Question

What in silico PCR commandline tool do you use that can handle IUPAC characters?

1

Entering edit mode

24 months ago

O.rka ▴ 740

I'm looking for a command-line tool (preferably conda or pip installable) that can pull out amplicons from a query fasta based on a forward and reverse primer. I've found isPcr but it can't handle my IUPAC primers that have non-ATCG characters.

Does anyone know of a modern tool that can be used for this task?

pcr amplicon primer • 2.0k views

ADD COMMENT • link updated 8 months ago by Ram 44k • written 24 months ago by O.rka ▴ 740

score 2 · Answer 1 · 2022-12-20

2

Entering edit mode

24 months ago

Matthias Zepper 5.0k

Never used it with IUPAC bases, but according to the help text seqkit amplicon should allow for degenerate bases.

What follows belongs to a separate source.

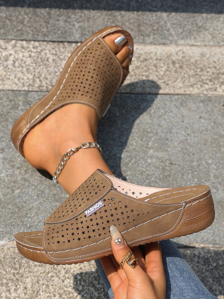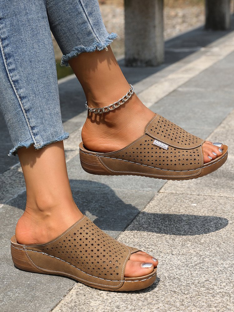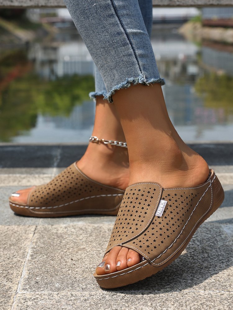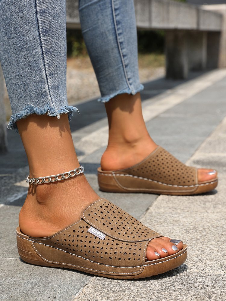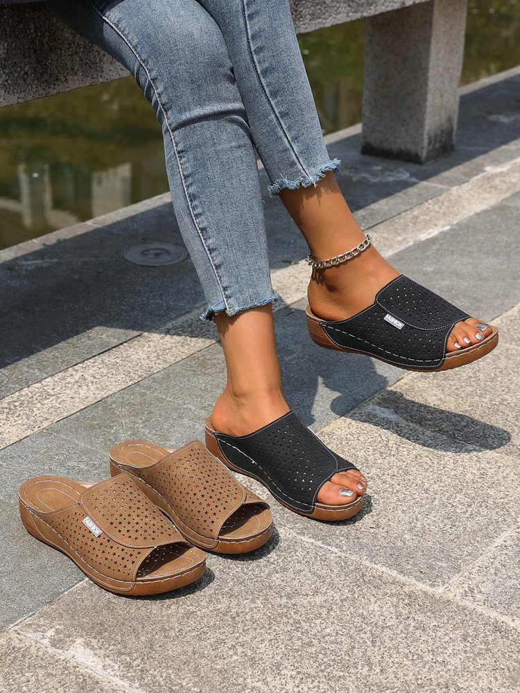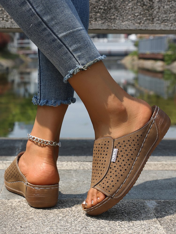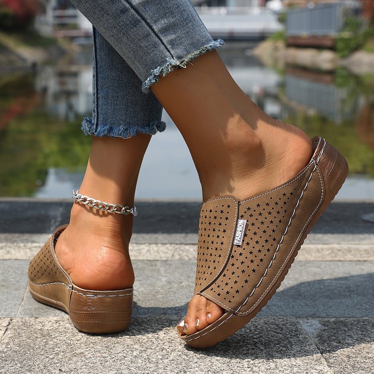 クロスボーダー夏の新しい対外貿易大きいサイズラウンドトゥレトロソリッドカラーの女性のサンダル中空縫製ライン大きいサイズのサンダル女性用

ADD COMMENT • link 24 months ago by Matthias Zepper 5.0k

1

Entering edit mode

Nice, seqkit always comes through! Weird, I'm trying to run the universal primers from this study: https://pubmed.ncbi.nlm.nih.gov/30824940/ with a basic yeast strain (https://www.ncbi.nlm.nih.gov/assembly/GCF_000146045.2) and its not working.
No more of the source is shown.